Approved recommendation stuck in blockedOperator is unlicensed/past grace.Install or renew the license; apply resumes automatically.

Log lines like apply failed: … is forbidden: User "system:serviceaccount:…" cannot patch resource … mean the service account lacks a grant - usually because the ClusterRole / ClusterRoleBinding was not installed (e.g. a templated-manifests-only deploy without cluster-admin). Re-run the Helm install with cluster-admin so the RBAC objects are created, and confirm:

Terminal window
kubectl auth can-i patch horizontalpodautoscalers \
--as=system:serviceaccount:<namespace>:<release>-stepscale-autoscaler -n <namespace>

9.5 A change was applied but immediately rolled back

Section titled “9.5 A change was applied but immediately rolled back”

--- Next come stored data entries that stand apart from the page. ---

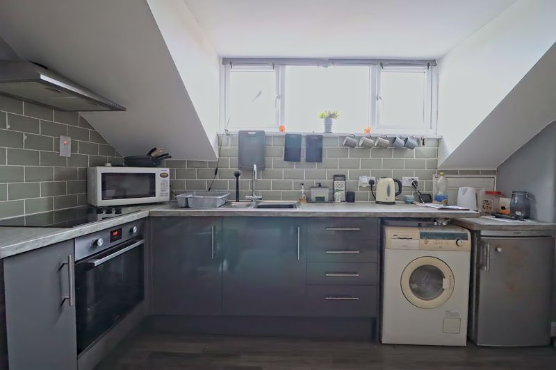 Glazed window to rear aspect, radiator, smooth ceiling, wood effect flooring.
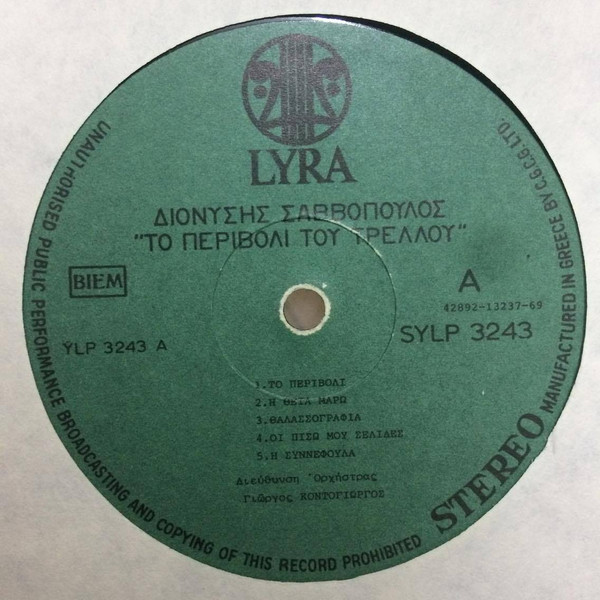 Ana Sayfa LP Yabancı Plak Yunanca Dionýsios Savvópoulos – To Perivóli Tou Trelloú LP Plak
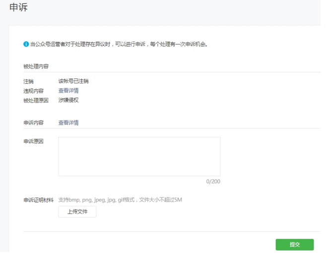 (1)点击“发起申诉”后,进入申诉页面,填写申诉理由,提交申诉证明材料;
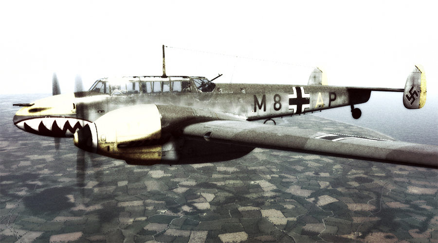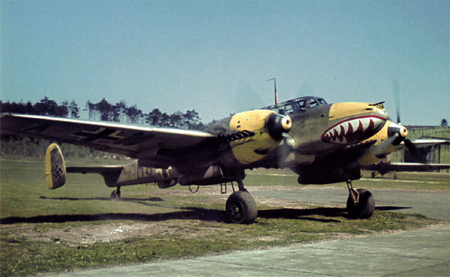 This plane is a Bf 110E, which can be readily identified by the small air intake introduced in this variant. Located between the central machine guns in the nose, it allowed air to be fed by a complicated maze of piping around the port engine and then circulated back into the cockpit to provide heating for the pilot. The gunner was warmed by another intake port on the right side of the fuselage that directed heated air from the starboard engine.
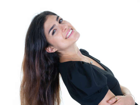 long hairs young pretty fashion woman beautiful cute girl brunette profile posing in studio wall white background
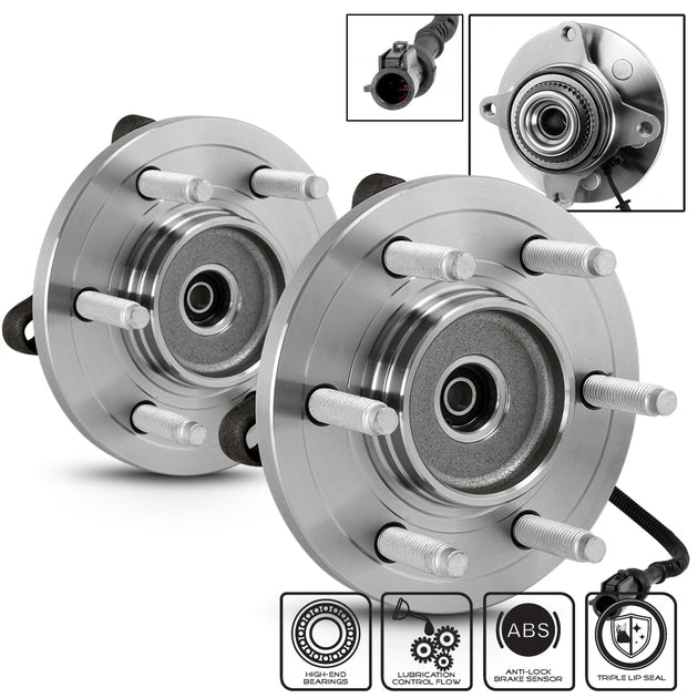 AKKON - For 07-10 Ford Expedition | Lincoln Navigator 4WD 515095 Pair of 6-Bolt Front Wheel Hub and Bearing Assembly W/ ABS

The verify pass judged the workload degraded after probation (for example CPU pushed past the target plus safety.healthCpuMargin). The recommendation moves to rolledBack and status.detail records why. This is the safety net working as designed. If you believe the change is actually fine, you can widen safety.healthCpuMargin or lengthen safety.probationWindowMinutes so a brief post-change spike is not misread.

9.6 A ScaledObject change did not apply / no rollback

Section titled “9.6 A ScaledObject change did not apply / no rollback”

KEDA ScaledObject targets are marked verified at apply time and are not health-verified or auto-rolled-back yet (reading live ScaledObject config back is a follow-up). If the patch itself did not take effect, confirm KEDA is installed, the ScaledObject exists in the target namespace, and the operator has the keda.sh/scaledobjects grant (it does by default).

If a forecasted peak does not actually materialize, the operator retracts the schedule after several consecutive idle samples inside the window and restores the baseline floor (status.detail: "schedule retracted: forecasted peak not materializing"). This is expected for workloads whose pattern has changed. Forecasting also requires enough history (forecasting.minHistoryDays) and a genuinely periodic signal (forecasting.periodicityThreshold); flat or random workloads stay reactive by design.

Does the operator change anything without approval? No. Nothing is applied until spec.approved: true. Auto-rollback only ever undoes a change the operator itself applied.

Does it work air-gapped? Yes - with llm.provider=none and an offline license, there is no outbound traffic at all.

Can I run it purely as an advisor? Yes - run analysis-only (no license) or simply never approve. See Operating §7.4.

Will two replicas double-apply? No - leader election ensures only the leader mutates.